[What you should do] Although the data below holds other lines too, output only those from the line with "St. Patrick Women's" up to and including the line with "In a statement", exactly as they appear.

[Records provided]
----

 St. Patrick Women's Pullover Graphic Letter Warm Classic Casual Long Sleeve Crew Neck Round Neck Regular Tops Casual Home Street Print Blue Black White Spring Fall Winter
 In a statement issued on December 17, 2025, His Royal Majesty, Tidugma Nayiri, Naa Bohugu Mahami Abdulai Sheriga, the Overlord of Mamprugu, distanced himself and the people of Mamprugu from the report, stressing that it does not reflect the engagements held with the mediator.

----

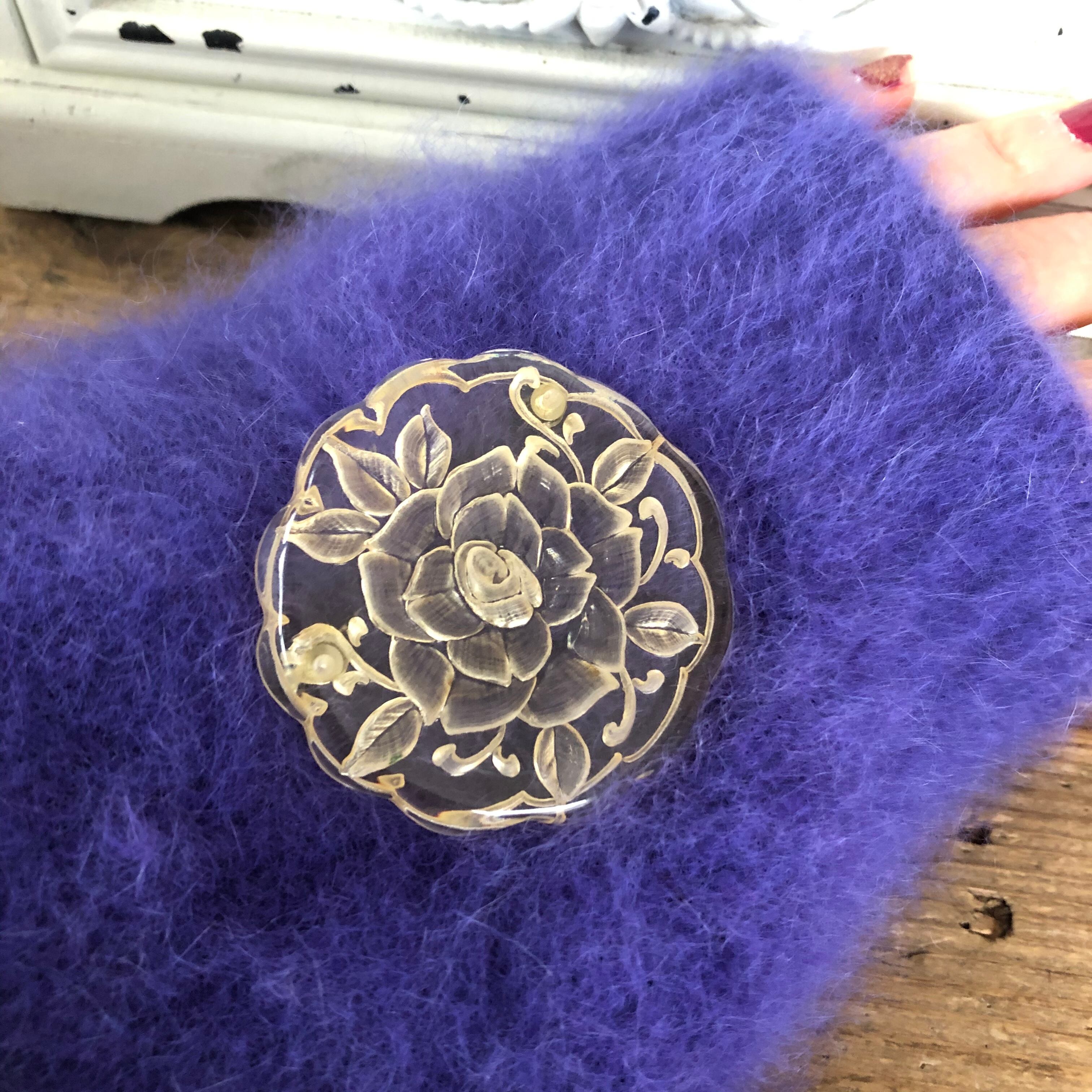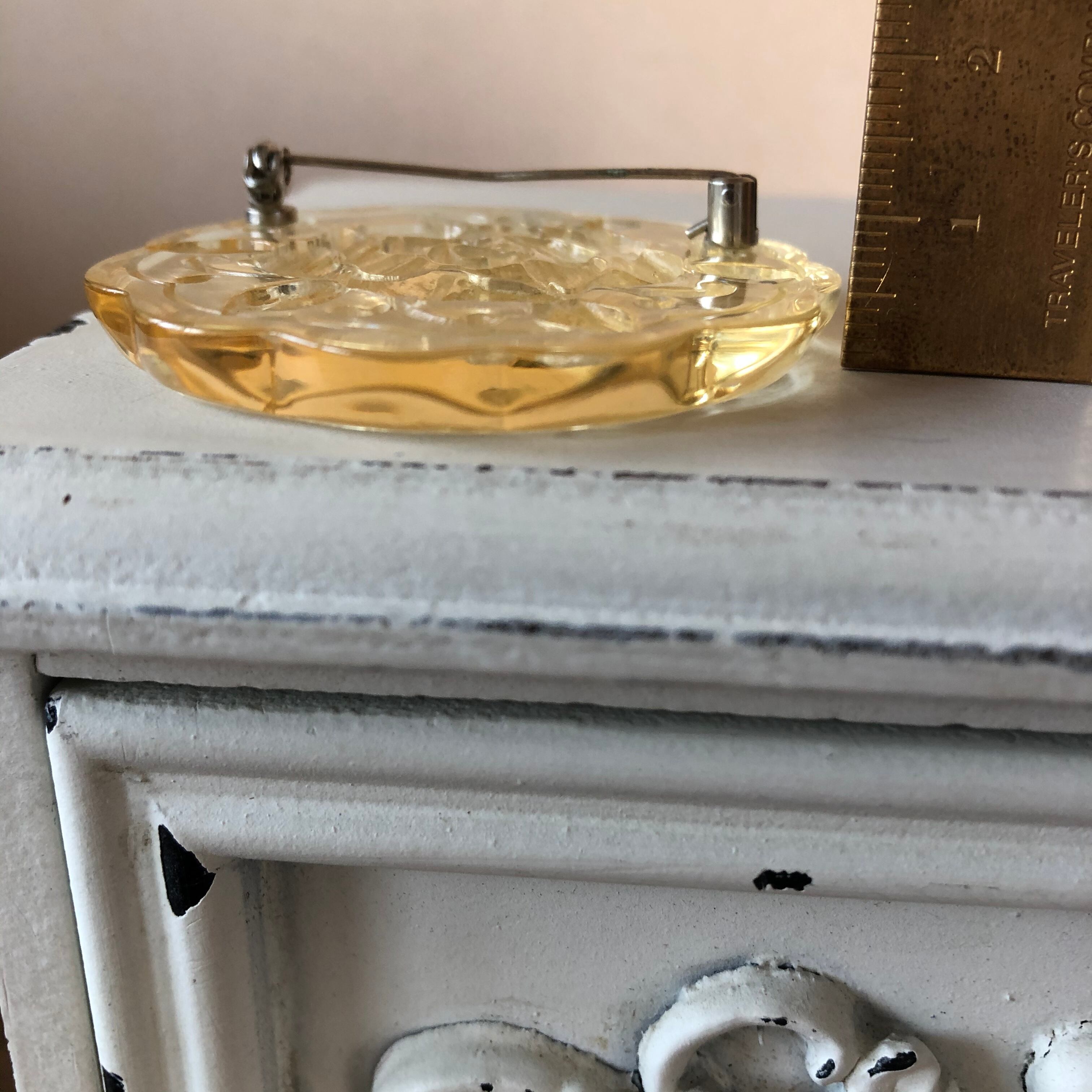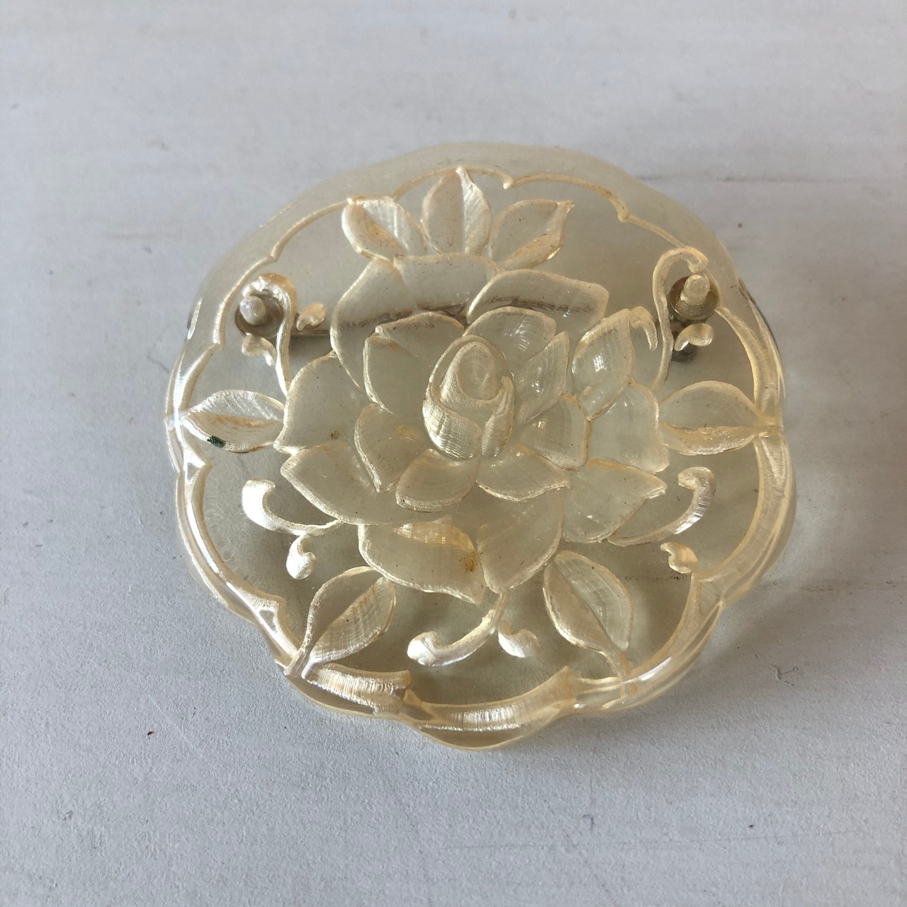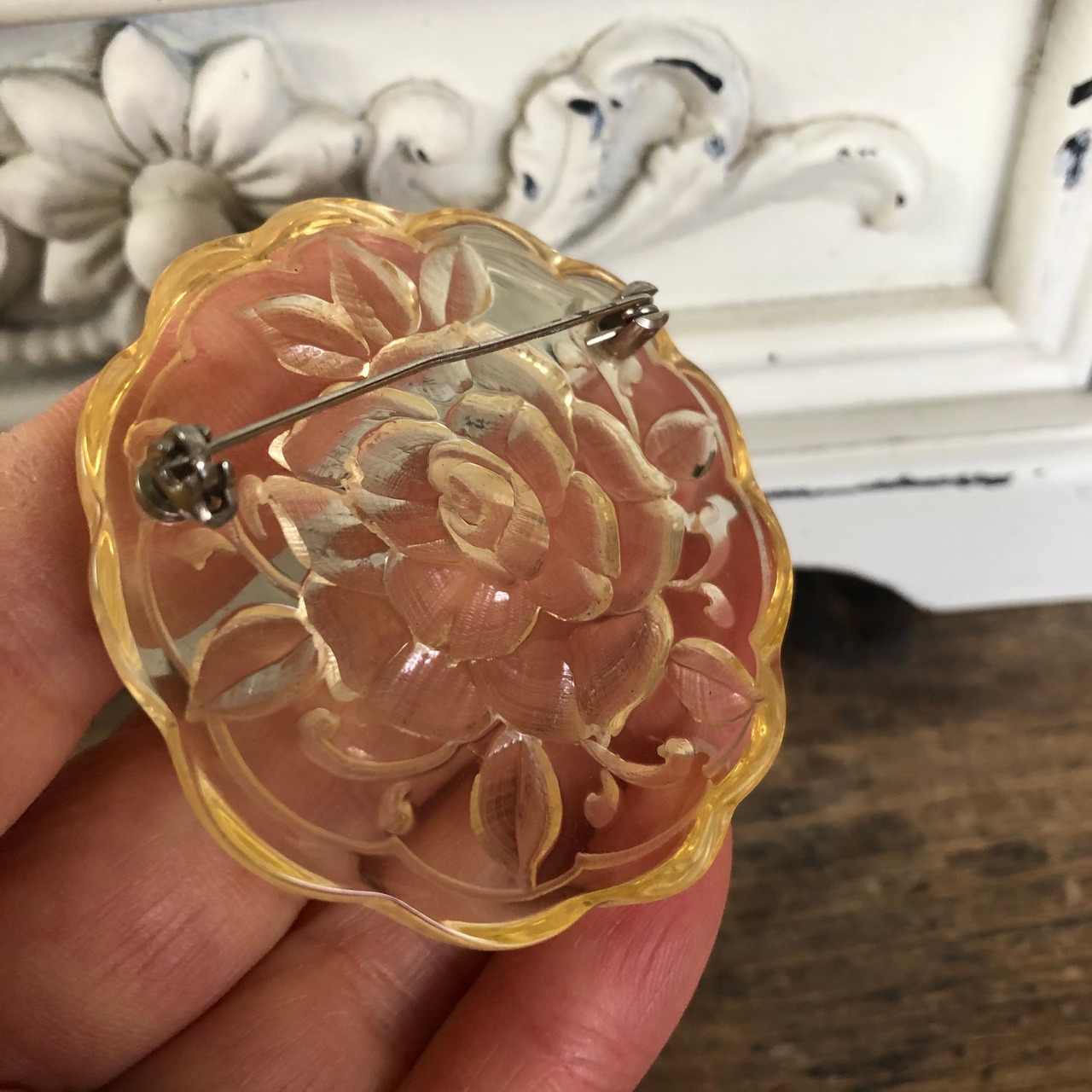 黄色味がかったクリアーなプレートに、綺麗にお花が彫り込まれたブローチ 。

----

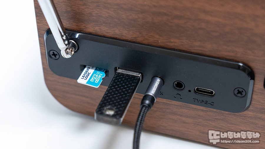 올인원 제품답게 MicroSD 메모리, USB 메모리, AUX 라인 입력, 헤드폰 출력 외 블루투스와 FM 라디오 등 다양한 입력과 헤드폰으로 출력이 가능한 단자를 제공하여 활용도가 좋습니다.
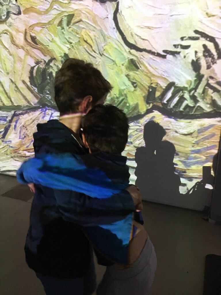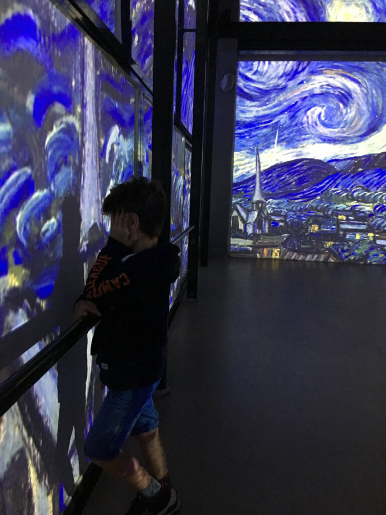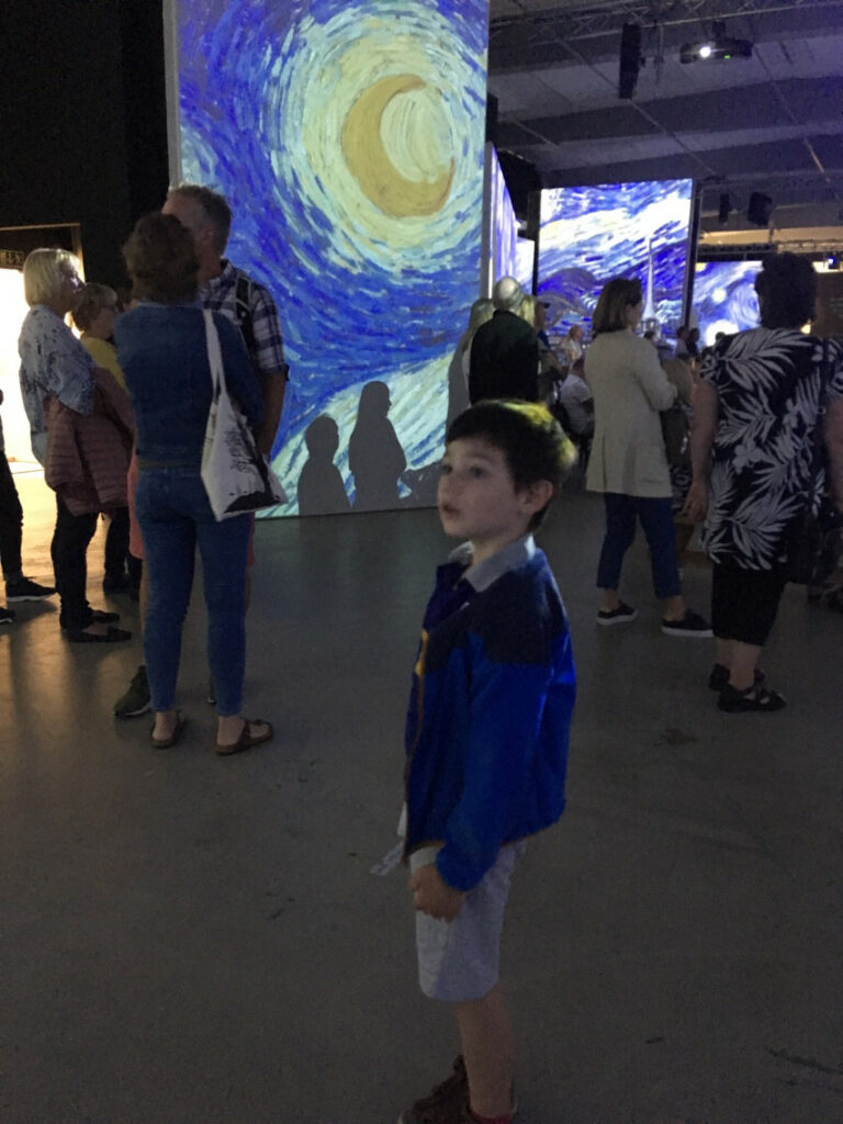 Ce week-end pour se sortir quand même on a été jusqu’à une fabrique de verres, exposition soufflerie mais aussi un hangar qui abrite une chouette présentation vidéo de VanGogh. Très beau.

----

[Solution to the exercise]
 St. Patrick Women's Pullover Graphic Letter Warm Classic Casual Long Sleeve Crew Neck Round Neck Regular Tops Casual Home Street Print Blue Black White Spring Fall Winter
 In a statement issued on December 17, 2025, His Royal Majesty, Tidugma Nayiri, Naa Bohugu Mahami Abdulai Sheriga, the Overlord of Mamprugu, distanced himself and the people of Mamprugu from the report, stressing that it does not reflect the engagements held with the mediator.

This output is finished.